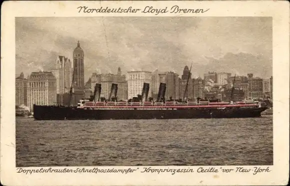 Ak Doppelschrauben-Schnellpostdampfer Kronprinzessin Cecilie, NDL, vor New York
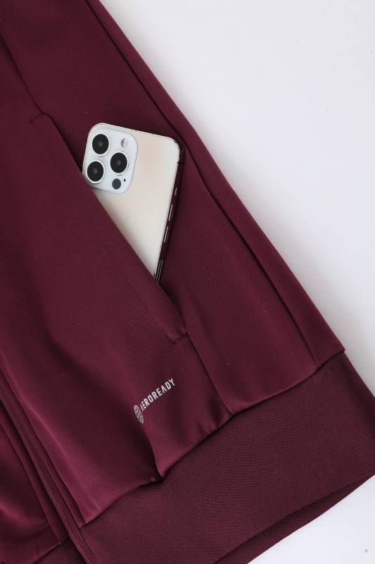 - Bolsillos con cremallera en las costuras laterales; cierre de cremallera; dobladillo de canalé; presilla para colgar
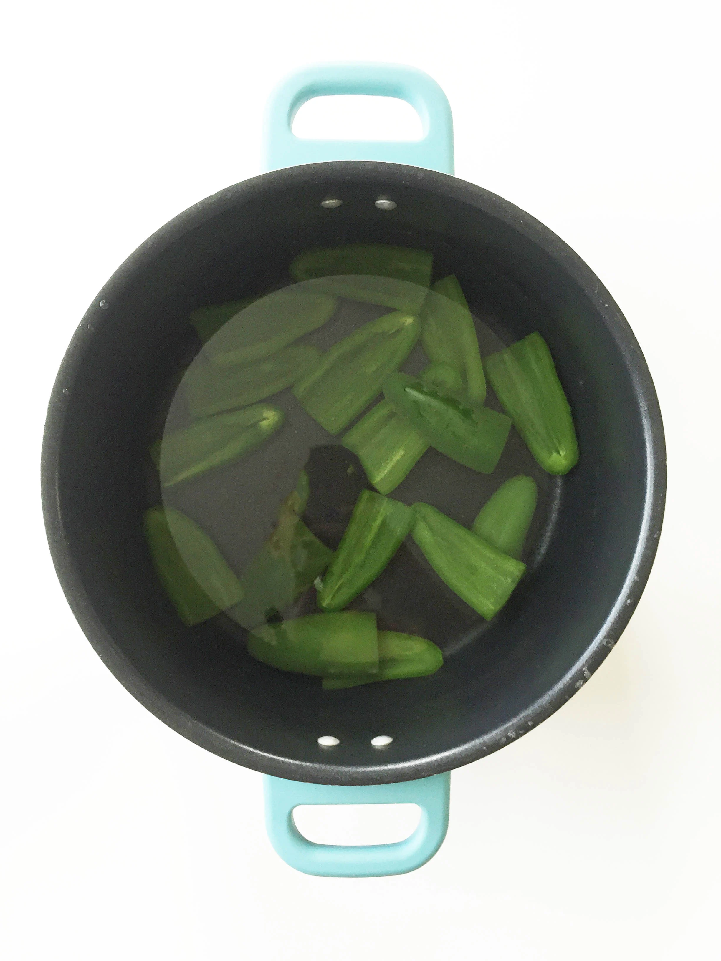 Bring a large pot of water to a point and toss the seeded jalapeño halves in carefully.
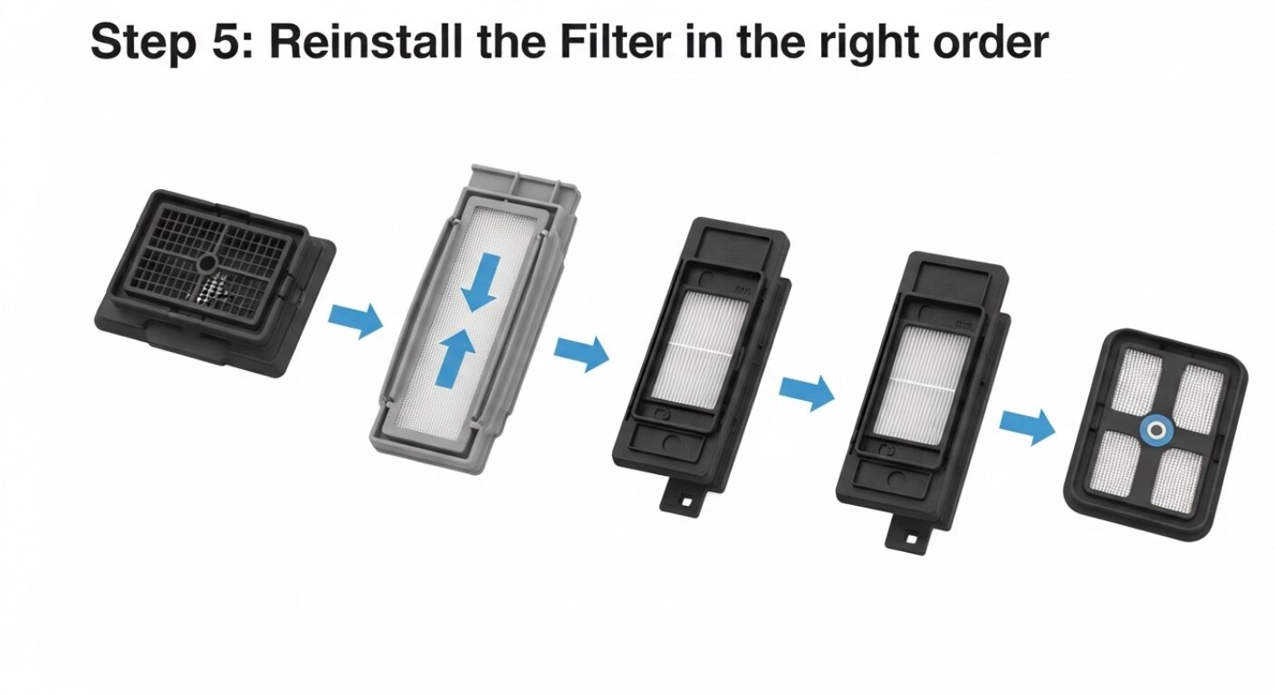 - Every three months: Deep clean the filter with a toothbrush and soak it in vinegar if you see scale. Run a cleaning cycle with a dedicated tablet.
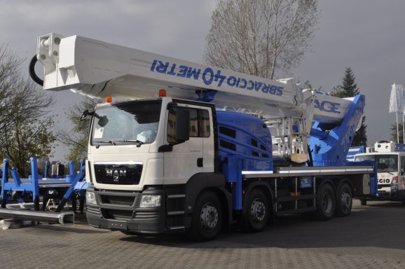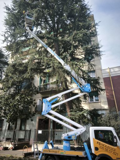 Raggiunge un’altezza massima di lavoro di 24 m, con sbraccio laterale fino a 12 m e portata del cestello di 200 kg.
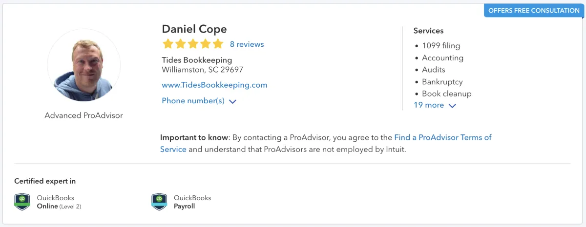 (Select Below to View QuickBooks ProAdivsor Profile Online)
---*---
**Description of the task:** Please return the data above exactly as it stands from the line with "- Every three" to the line with "Raggiunge un’altezza massima", keeping both of those lines but none of the pictures.

**Response:**
 - Every three months: Deep clean the filter with a toothbrush and soak it in vinegar if you see scale. Run a cleaning cycle with a dedicated tablet.
 Raggiunge un’altezza massima di lavoro di 24 m, con sbraccio laterale fino a 12 m e portata del cestello di 200 kg.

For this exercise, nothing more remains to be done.